Tak też sam pojmował bycie Polakiem. Przez całe życie upominał się o dbałość dla własnej tradycji kulturowej, uważając za błąd odcinanie się od niej na rzecz fałszywie pojmowanego poczucia europejskości. W jego przekonaniu to właśnie posiadanie bogatej kultury narodowej świadczy bowiem najlepiej o naszych europejskich korzeniach i przynależności. Było to dla niego oczywiste. Stąd zresztą wynikała jego dbałość o zachowanie pamięci o rodzimej literaturze dziewiętnastowiecznej, którą (co w jego czasach nie było wcale powszechne) postrzegał w ścisłym związku z okresem zaborów i uważał za tylko w tym kontekście w pełni zrozumiałą. Stąd także zaangażowanie w prace edytorskie nad twórczością poetów polskich XIX wieku – i to nie tych największych, choć pisał i o Słowackim, i o Krasińskim, nie pomijając też oczywiście Mickiewicza i Norwida. Jednak bodaj najwięcej pracy włożył w ocalenie twórczości Teofila Lenartowicza i wielu innych, znacznie mniej znanych twórców dziewiętnastowiecznych. To im poświęcone jest opus magnum Hertza, czyli siedmiotomowy Zbiór poetów polskich XIX wieku (Warszawa, PIW, 1959–1975), o którym prof. Michał Głowiński pisał między innymi: „Antologia ta jest dziełem imponującym – z wielu względów. Przede wszystkim zdumiewa to, że została sporządzona przez jedną osobę, nie wspieraną przez nikogo instytucjonalnie (jakiej pomocy udzielał wydawca – Państwowy Instytut Wydawniczy – nie wiem), osobę działającą poza wszelkimi ośrodkami naukowymi (a trzeba pamiętać, że Hertz pracował w czasie, w którym komputery nie były jeszcze znane!). Gdyby przygotowania tak wielkiego komentowanego wyboru poezji polskiej XIX wieku podjęła się któraś z instytucji naukowych, byłoby to z pewnością dzieło zbiorowe, powołano by złożony z kilku osób zespół, zadbano by o prace zlecone, itp. Hertz należy do tej niezbyt licznej grupy uczonych, którzy wielkie projekty realizowali w samotności, polegając tylko na sobie. Będzie w tym niewątpliwie trochę przesady, nasuwają się jednak analogie z takimi wielkimi postaciami polskiej kultury, jak Samuel Bogumił Linde i Karol Estreicher”. („Pamiętnik Literacki” XCIV, 2003, z. 1)
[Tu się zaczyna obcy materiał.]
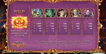 «Счастливого Хэллоуина» - это 5-барабанный видео-слот с пятьюдесятью линиями и двадцатью картинками на экране. Вы можете задействовать любое количество полос из числа доступных. Ставки по ним автоматически выравниваются. Диапазон простирается от одной до пяти монет достоинством 0.01, 0.02, 0.04, 0.06, 0.08 или 0.10 евро. Таким образом, можно поставить не более двадцати пяти евро (уточняйте данный пункт в заведении, где вы будете играть). Помимо стандартных картинок, формирующих комбинации по общим правилам, здесь представлены два особых символа и раунд фри-спинов с дополнительными игровыми возможностями. Начисление выплат по базовым изображениям происходит согласно наиболее распространенным принципам. Несколько одинаковых элементов образуют на активной полосе непрерывную цепочку, начинающуюся с первой колонки. Для расчеты суммы выигрыша ставка по данной линии умножается на коэффициент данной комбинации, который может быть от х4 до х1000. Если цепочек несколько, выплаты суммируются, но помните, что с каждой отдельной взятой линии засчитывается лишь самая длинная комбинация. Об исключениях читайте ниже. Игру по шансам можно запустить при получении кредитов по результатам спина. Она запускается на дополнительном экране. Здесь нужно угадывать цвет или масть карты. Если вы сможете верно определить цвет, выигрыш удвоится. Правильно указанная масть увеличивает сумму в четыре раза. Действовать разрешается несколько раз подряд, но ошибаться нельзя. Уровень возврата Happy Halloween составляет 96,5%.

Powróćmy jednak jeszcze do rozważań Hertza na temat polskości w cytowanym wyżej szkicu. Otóż czytając jego wnikliwe słowa, trudno nie myśleć o tym, co powiedziałby dziś, patrząc na toczące nasz kraj spory znacznie chyba głębsze i bardziej intensywne niż w czasie, kiedy pisał swój esej? Czy nadal stałby na podobnym stanowisku, broniłby tradycji i bliskiej swym przekonaniom, konserwatywnej z gruntu wizji Polski?

Oczywiście, nie znam odpowiedzi na te pytania. Brakuje mi też odpowiedniej wiedzy, by kreślić możliwe propozycje. Wiem jednak, że warto wczytać się w to, co Hertz miał do powiedzenia, podziwiając jego mądrość, przenikliwość, znajomość historii i literatury, a przy tym niespotykaną już dziś kulturę wypowiedzi. Im mocniej bowiem odczuwam dziś brak tego rodzaju głosów, tym chętniej szukam wskazówek, otuchy, a może niekiedy tylko (i aż) wytchnienia w tekstach zapisanych przed laty. Paweł Hertz pozostanie zapewne jednym z moich przewodników.

BEATA BOLESŁAWSKA-LEWANDOWSKA

Warto również przeczytać...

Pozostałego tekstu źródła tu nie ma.